Waylon Jennings singles chronology
| "Dreaming My Dreams with You" (1975) | "Are You Sure Hank Done It This Way" (1975) | "Can't You See" (1976) |

= Are You Sure Hank Done It This Way =

"Are You Sure Hank Done It This Way" is a song written and recorded by American country music artist Waylon Jennings. It was released in August 1975 as the first single from the album Dreaming My Dreams. An outlaw country anthem, the song was Jennings' third number one on the country chart as a solo artist, spending sixteen weeks on the chart.

The A-side, "Bob Wills is Still the King", is a tribute to the music of Wills.

==Content==
Jennings, one of the driving forces of outlaw country, released Are You Sure Hank Done It This Way at the height of the movement's success.
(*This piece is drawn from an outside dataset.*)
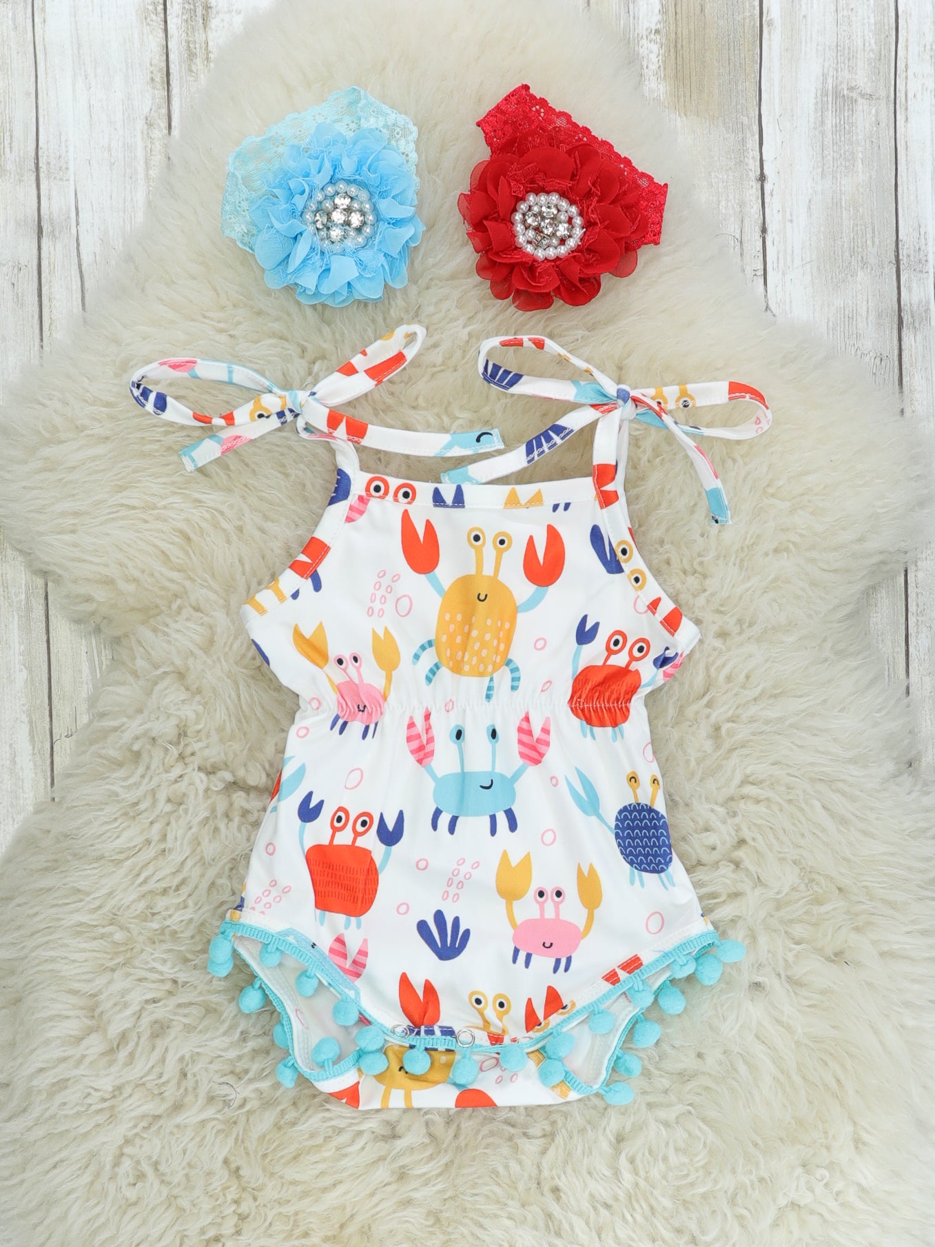 Crabby Tie Pom Pom Romper

The song, penned by Jennings on the back of an envelope, captured the singer's frustration with the direction country music had taken over the previous two decades, largely as a result of the control country record labels held over their artists, and the resultant "Nashville sound".

The song pays homage to the influence of country music singer Hank Williams, and criticizes the glitz that had come to characterize top-selling country artists in the 1970s, through references to "rhinestone suits" and "new shiny cars".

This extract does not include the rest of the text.